(Stored items)
[Start of section]

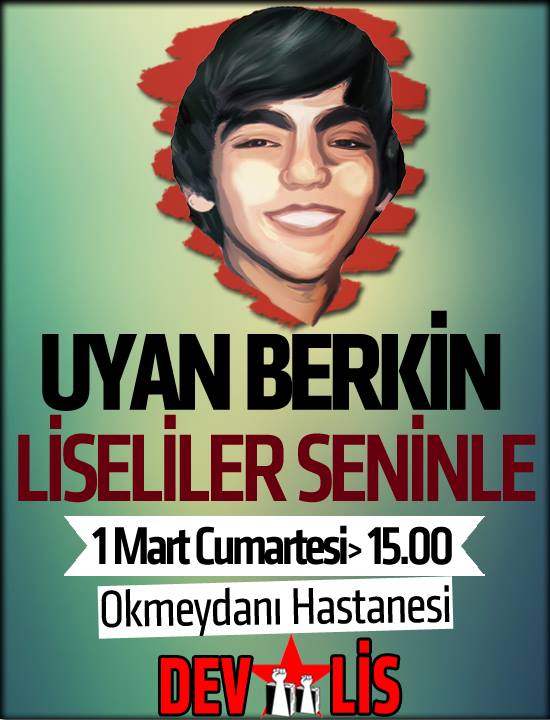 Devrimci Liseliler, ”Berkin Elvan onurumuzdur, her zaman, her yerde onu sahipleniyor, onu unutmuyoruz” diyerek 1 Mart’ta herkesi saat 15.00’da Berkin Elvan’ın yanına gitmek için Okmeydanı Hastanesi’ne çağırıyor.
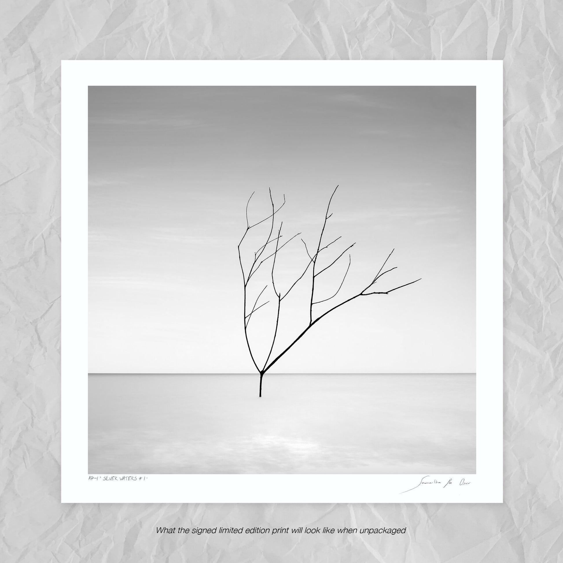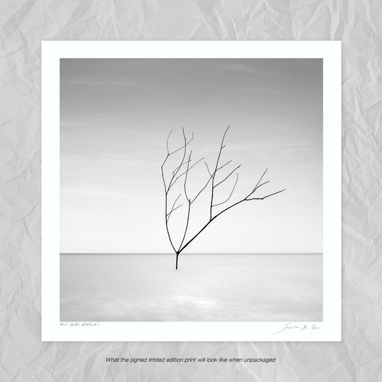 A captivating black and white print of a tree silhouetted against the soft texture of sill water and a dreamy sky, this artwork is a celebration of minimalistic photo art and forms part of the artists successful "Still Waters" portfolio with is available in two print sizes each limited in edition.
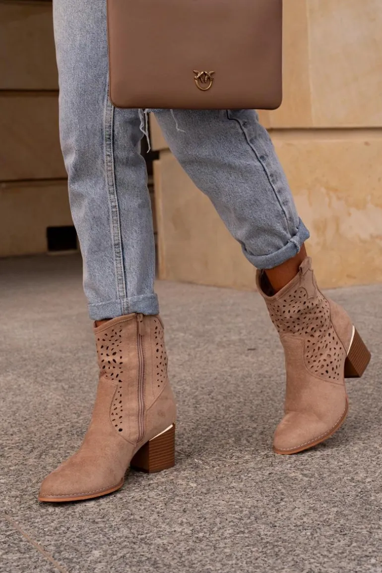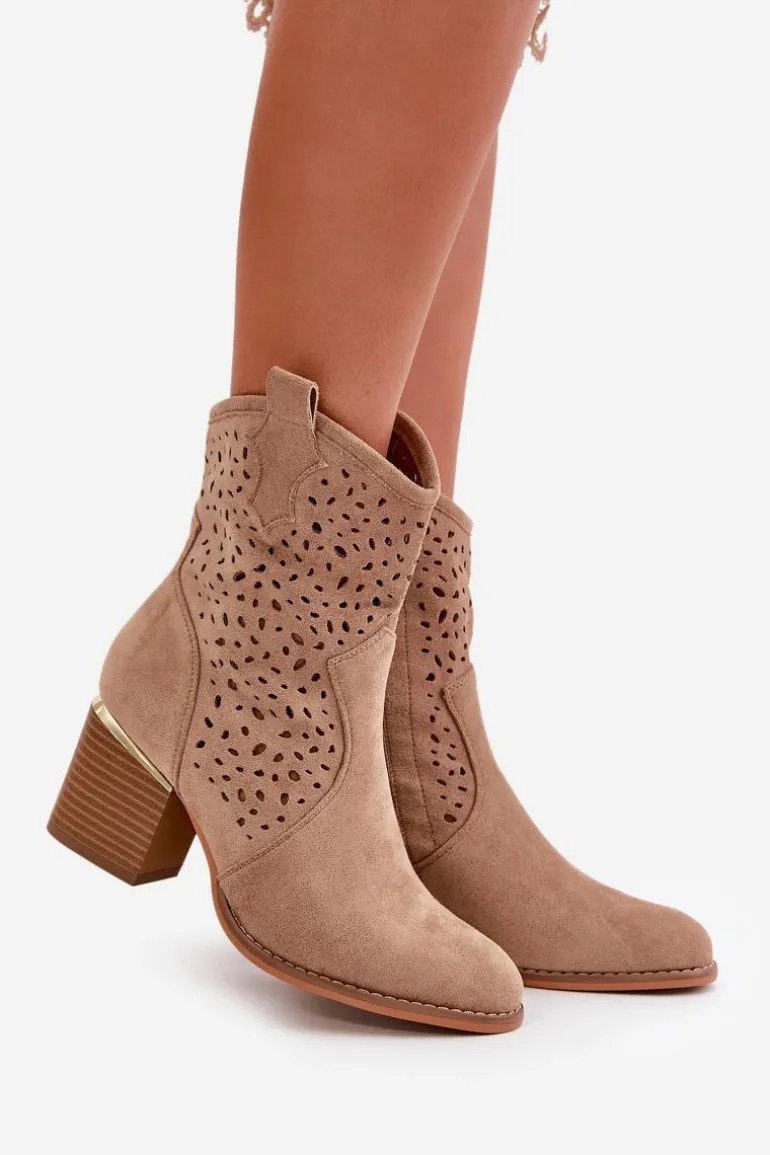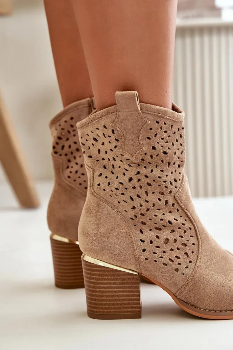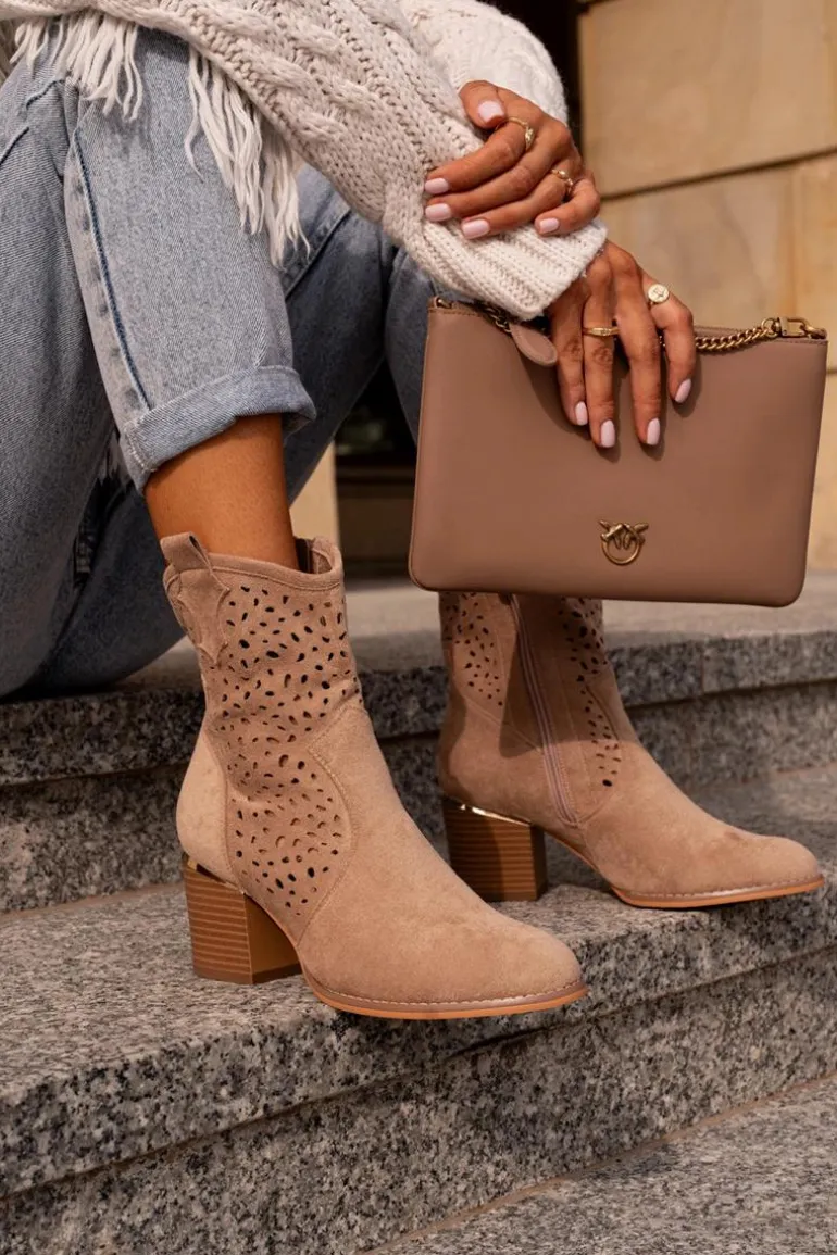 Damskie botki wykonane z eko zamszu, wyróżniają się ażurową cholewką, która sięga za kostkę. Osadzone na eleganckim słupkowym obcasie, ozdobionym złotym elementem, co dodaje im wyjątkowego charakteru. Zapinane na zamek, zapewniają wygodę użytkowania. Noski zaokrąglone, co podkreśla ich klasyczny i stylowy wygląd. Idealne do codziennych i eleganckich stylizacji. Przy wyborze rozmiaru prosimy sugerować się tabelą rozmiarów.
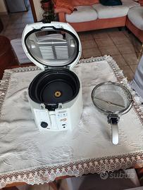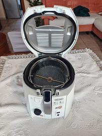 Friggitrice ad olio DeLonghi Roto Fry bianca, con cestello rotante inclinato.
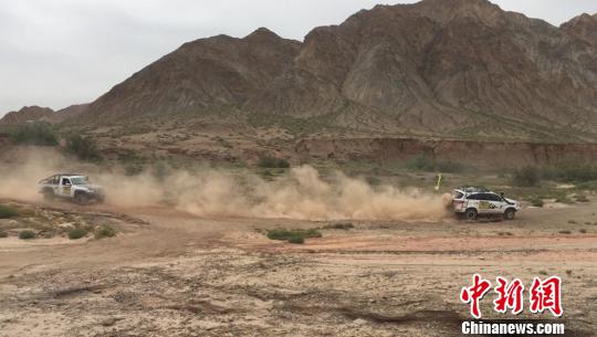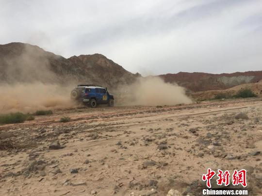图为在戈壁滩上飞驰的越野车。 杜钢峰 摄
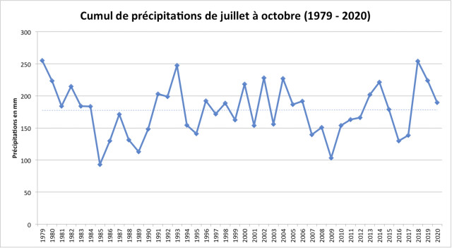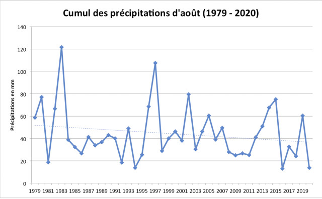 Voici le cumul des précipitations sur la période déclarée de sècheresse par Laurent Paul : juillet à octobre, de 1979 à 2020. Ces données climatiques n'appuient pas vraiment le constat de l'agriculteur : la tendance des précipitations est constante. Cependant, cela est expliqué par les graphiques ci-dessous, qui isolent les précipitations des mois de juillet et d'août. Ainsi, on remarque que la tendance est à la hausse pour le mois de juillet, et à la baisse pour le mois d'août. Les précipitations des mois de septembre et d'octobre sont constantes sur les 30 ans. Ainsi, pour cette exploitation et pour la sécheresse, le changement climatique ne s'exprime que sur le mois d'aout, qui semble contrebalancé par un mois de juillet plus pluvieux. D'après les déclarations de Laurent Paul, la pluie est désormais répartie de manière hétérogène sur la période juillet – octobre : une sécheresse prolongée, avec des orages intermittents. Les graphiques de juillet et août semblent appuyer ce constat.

[End of section]

## Exercise description
Word for word, restate the lines above from the first through the one that contains "A captivating black", and exclude all pictures.

## Answer box
 Devrimci Liseliler, ”Berkin Elvan onurumuzdur, her zaman, her yerde onu sahipleniyor, onu unutmuyoruz” diyerek 1 Mart’ta herkesi saat 15.00’da Berkin Elvan’ın yanına gitmek için Okmeydanı Hastanesi’ne çağırıyor.
 A captivating black and white print of a tree silhouetted against the soft texture of sill water and a dreamy sky, this artwork is a celebration of minimalistic photo art and forms part of the artists successful "Still Waters" portfolio with is available in two print sizes each limited in edition.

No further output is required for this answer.